I asked about the cosmology of the Fifth Season world. Understandably given the circumstances, the people hate God and believe that God hates them. Father Earth created them, liked them for a while, then tried to wipe them out. Myths and legends involve how to deal with the fact that the god hates you. There are no churches. What is revered is Stone Lore. Past societies have written down wisdom that helps their descendents survive apocalypses by chiseling them onto tablets. Most proverbs are things like "store legumes because protein." Some are mystical hints.

The first book of the trilogy (The Fifth Season) is done, and the second is in progress. The different books are more closely tied together than those of the Inheritance trilogy, which was following the story of the 3 deities across long periods of time and thus used different POVs, or the Dreamblood, which was following the story of Gujareeh, the discovery of corruption in a city that was supposed not to be corrupt, and how that corruption was dealth with. By contrast, The Fifth Season focuses on the main character and follows her while she pursues her husband and child. All the while, the environment is changing, adapting to new conditions.

The change in the environment is very thorough. Nora mentioned that only the rich keep dogs. Poor people have kirkusa, like giant otters. They are cuddly, but the season change makes them carnivores and they have a tendency to eat their owners! [This made me think of a recent story where the owner of dogs had died and been eaten by them, so...] The woman's journey through the world allows her to discover many of the changes as they happen, as the world becomes more unsafe.

Cultural practices in this world based on the season - it's called seasonal law. There was a continent-spanning empire that developed rules for getting through the fifth season. Each comm, or community, has a head person to run things when the season changes. The communities have walls, and they close the gates. Everyone in a comm has a function, and this is reflected in their names. A person will have a given name, a use name, and a community name. These names will depend on the caste they are assigned to. Resistance is for people who are survivors of past plagues. Strongbacks are the laborers, and there are always too many of them. People who don't have a "use" don't fit into this system, don't get a use name, and get kicked out when the season changes. If you are judged useful, you get a comm name.

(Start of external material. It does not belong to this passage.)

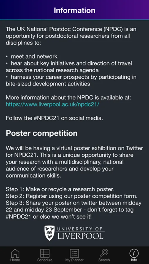 This app is for attendees of the National Postdoc Conference 2021. The App provides a range of features to enhance the attendee’s experience, including the ability to create a personalised itinerary.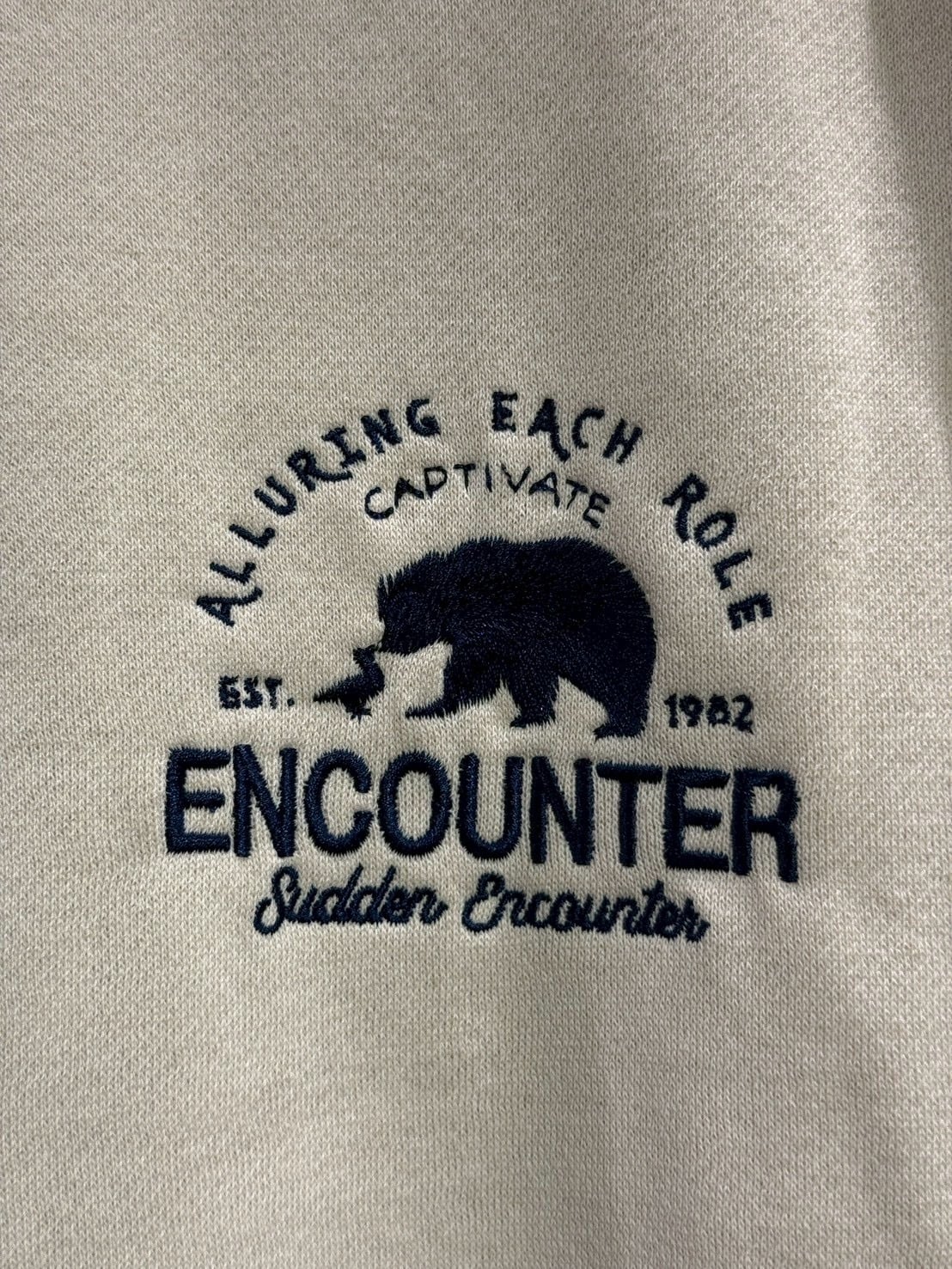 左胸ワンポイント刺繍、背中には大胆な刺繍を施した遊び心ある“ベアモチーフ”デザイン。

Nora took the time to emphasize that despite all our discussion of the details of the world, the center of this book is on the character and her story. Keeping worldbuilding in the service of story is an important aspect of excellent writing! The novel features the worldbuilding obliquely. Orogenes are hunted, and only acceptable if leashed, oppressed in terrifying ways. The main character wanted to settle down and have a family, but her husband's violence leads to the end of her world, which parallels the end of the world in the fifth season.

I, for one, can't wait to read it!

Thank you so much for joining us, Nora! You are welcome at the hangouts any time. We really appreciate you coming to discuss your work and your fascinating new world with us.